Foot & Mouth Disease - Thank God it's over! We were not sure of that this time last year. But it has left a devastating legacy. Some farmers are getting back into business, with hard work and high hopes. But the Chairman of Gloucestershire N.F.U. tells me that others are cracking up, because of the drudgery of their work load, incomes that cannot match their outlay, pressures on marriage and family.

And Why?
  • 1. The Strong Pound makes imported foods so much cheaper.

  • 2. "Food Awakening" and Fair Trade. This leaflet was prepared during the F & M epidemic, but it is just as pertinent now. (Copies available from the Arthur Rank Centre, Stoneleigh, Warks CV8 2LZ. at 7p per copy.)
    An Argentinian beef farmer earns less than $1 a day. We may be getting cheap quality meat at a cheap price (from a land where, incidently, F & M is endemic), but neither he nor we gain from the deal. It is the exporters there and the importers here who rake in the profits.

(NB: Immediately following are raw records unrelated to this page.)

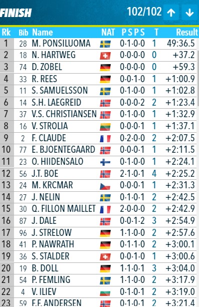 У Нелина и Понсилуомы последним патроном промах на стойке. У Йеспера 10-е место, у Мартина - 5-е.
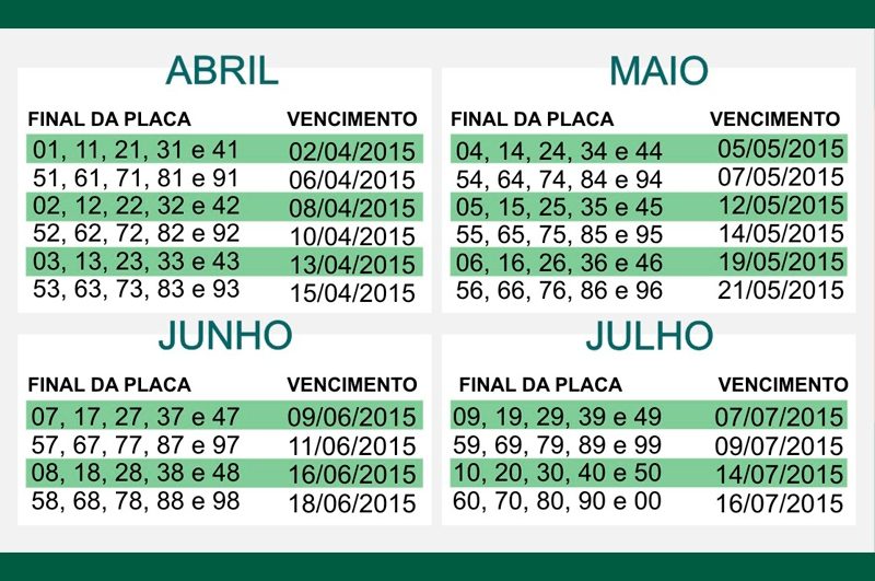 Encerrado o prazo de pagamento antecipado do IPVA 2015, o motorista gaúcho precisa agora ficar atento para o final das placas do seu veículo, que define a data limite para transitar com o licenciamento antigo. O calendário entre os meses de abril e julho se inicia já nesta quinta-feira (2) para as placas com final 01, 11, 21, 31 e 41. Já na próxima segunda-feira (6) é o prazo para veículos com numeração que encerra em 51, 61, 71, 81 e 91 (veja aqui calendário completo).
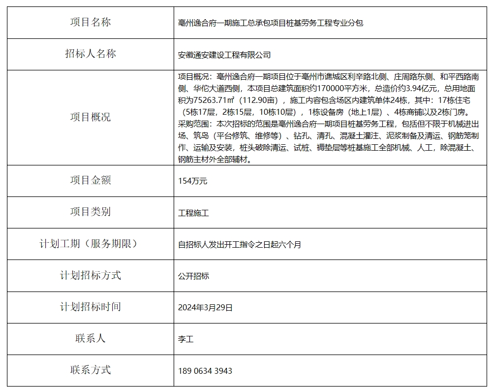 亳州逸合府一期施工總承包項(xiàng)目樁基勞務(wù)工程專業(yè)分包招標(biāo)計(jì)劃
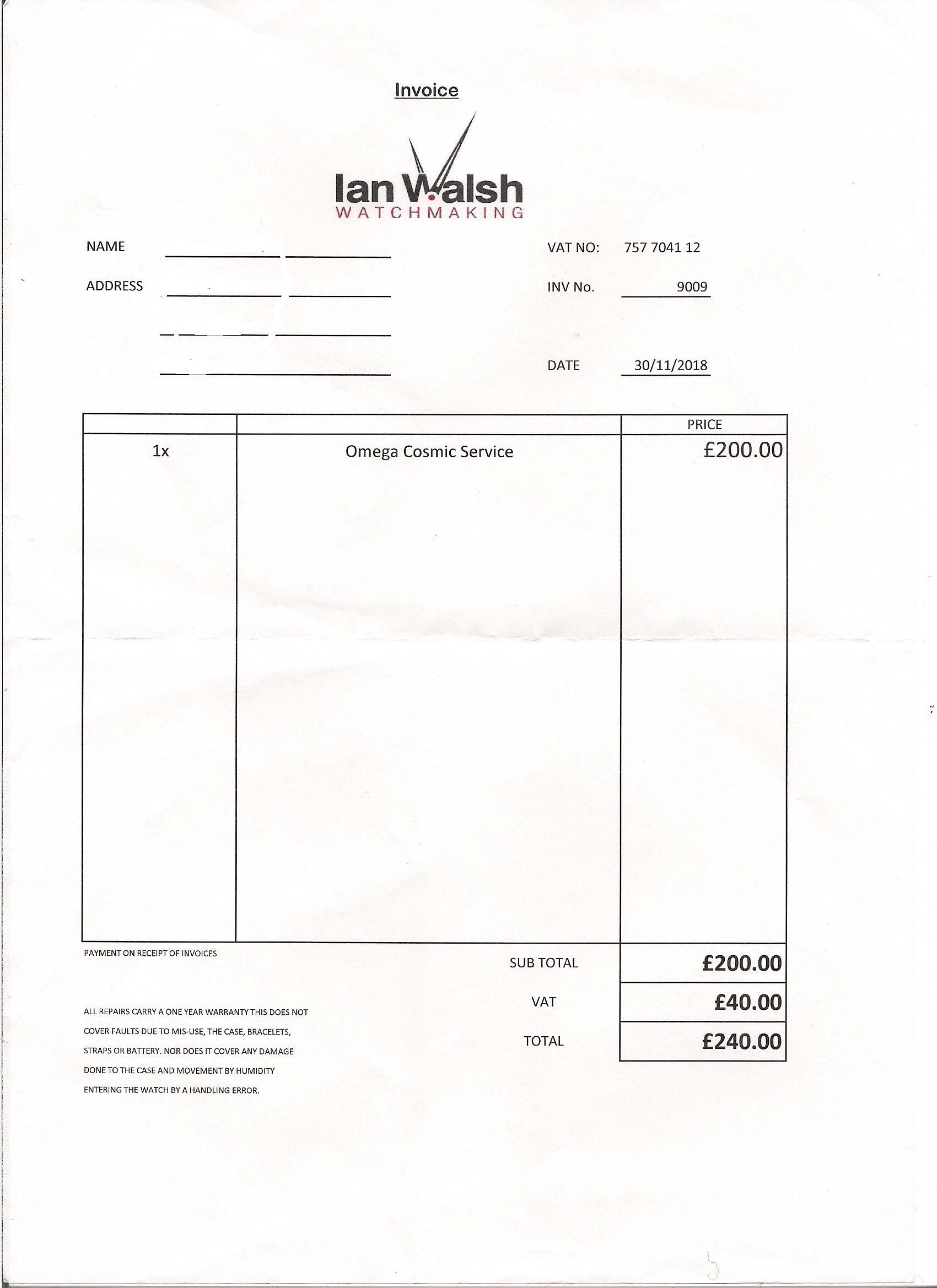 I am asking £1000 net to me, to include Royal Mail Special Delivery within the UK. I'm basing this price on ebay sold prices of £1200-1500 for the same model with no proof of service and in lesser condition, making allowance for the avoidance of their commission and of the general PITA of an ebay auction. I would much prefer a UK sale but will consider an EU sale at a push. I will accept payment by Paypal F and F, a bank transfer or a UK personal cheque and will ship as soon as funds have cleared.
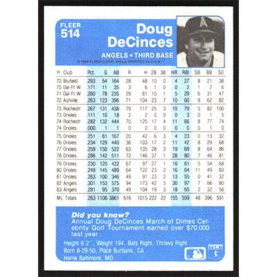 This is a 1984 Fleer Doug DeCinces baseball card. The card is #514 and pictures show condition.
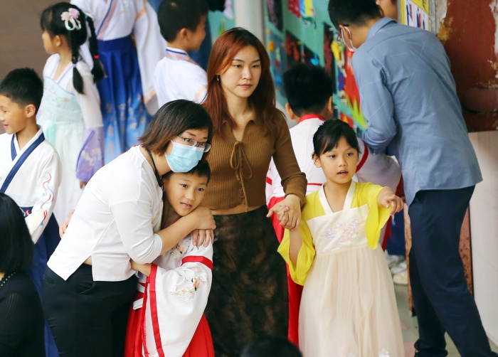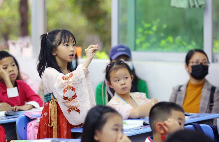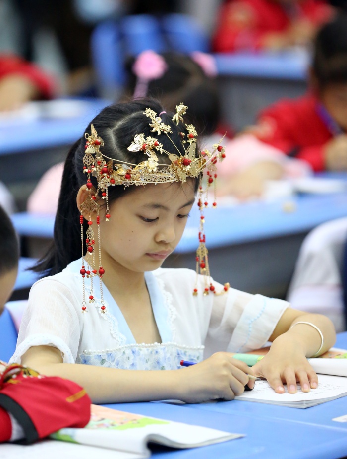 在第二届传统文化暨读书节展示活动中,一二三年级的同学们表演了课本剧《荷叶圆圆》,一同齐诵《弟子规》、汉乐府诗歌《江南》,在优美的古诗词中感受阅读的乐趣。展示活动后,同学们与爸爸妈妈一起参与到游园活动中,“甲骨文里寻始祖”“脑筋运转谜底见”“你演我猜合作乐”“汉字啄木鸟”“正中靶心”等游戏摊位前排满了摩拳擦掌的小朋友。“各类小游戏基本上都和传统文化有关联,踢毽子、射箭、打陀螺、踩高跷等等,孩子们穿着漂亮的传统服饰跑来跑去热情参与,我感受到了他们的快乐。”一年级林子阳的爸爸说,卓雅“活动育人”的理念在开放日活动中有了很好的体现,同学们在收获快乐的同时也学到了知识。

  • 3. The "Little Red Tractor". The logo and its meaning are in "Recipes for Spring and Summer" (free from N.F.U.).
    Tell people to look for the Red Tractor on products in supermarkets. It isn't a guarantee that the product was reared or grown in the U.K., but it is a sign that animals have been treated and crops grown to agreed U.K. and E.U. standards.

  • 4. Food Miles - The Real Cost of Transport.
    According to a recent piece of research, to transport 1 kilogramme of goods for 1 mile consumes megajoules of energy at the following rates:-

    • by lorry:- 1 kilo per mile consumes 0.2 mj. (megajoules)
    • by ship:- 1 kilo per mile consumes 1.0 mj.
    • by air:- 1 kilo per mile consumes 26.0 mj.
  • Therefore - by lorry:
    • 1 kilo of beans, sprouts, plums from Evesham to Cheltenham or Gloucester - a journey of 20 miles = 4 mj. per kilo.
    • by lorry: 1 kilo of broccoli or strawberries from Spain - 700 miles = 140 mj. per kilo.
    • by ship: 1 kilo of lamb or apples from New Zealand - 11,700 m. = 11,700 mj. per kilo.
    • by air: 1 kilo of mangetout from Zambia - 5,000 miles = 130,000 mj. per kilo.
      [These figures have been questioned but have been verified as " Energy cost due to transport megajoules perkg/mile:- lorry 0.2; ship 1.0; plane 26.". Another way is to look at the number of energy units used per method of transport in relation to food energy .See Energy use. If anyone has any other confirmed figures we would be pleased to know.Ed.]

  • 5. The Cost in Human Lives??
    Who can say? But look at the 'Country of Origin' on the cling-film wrapped packets on supermarket shelves.
    Today Zambia is one of the countries in Southern Africa stricken by drought and famine. How is it that we can buy irrigated crops of mangetout and French beans from Zambia, while there is no water for their own staple crops and they will soon face death by starvation?
    What are we doing to the people of Zambia?
    What are we doing to our own farmers by buying unnecessarily from abroad?
    What are we doing for our grandchildren, as we burn up the world's resources and destroy its atmosphere?

Harvest Services:

Plenty to be thinking and praying about.

Can you invite a farmer to be interviewed in the service, to say what sort of a year he has had, and his hopes and prayers for the next 12 months?

Many farmers are still struggling. Pray for the work of Gloucestershire Farming Friends.

Harvest Suppers:

Can your good caterers take up the challenge -

  • (1) To create menus of locally produced food? It really is the freshest, tastiest, and most nutritious - (and traceable to its source if you do have a complaint). The leaflet "Where To Find ..." of Gloucestershire Farmers' Markets can help you and your caterers to source local food. (available from their Stroud Office.) Encourage the support of Farmers' Markets by all your people, and all year round.

  • (2) To supplement menus with "fair-traded" products? (N.B. in a 'Which?' survey about 2 years ago, coffee produced by Cafe Direct was given a rating above all the major brands.)

Happy Harvests! And God bless you,

©2002 David Green

David Green was Rural Adviser, Gloucester Diocese. He is now working in Tabora, Tanzania.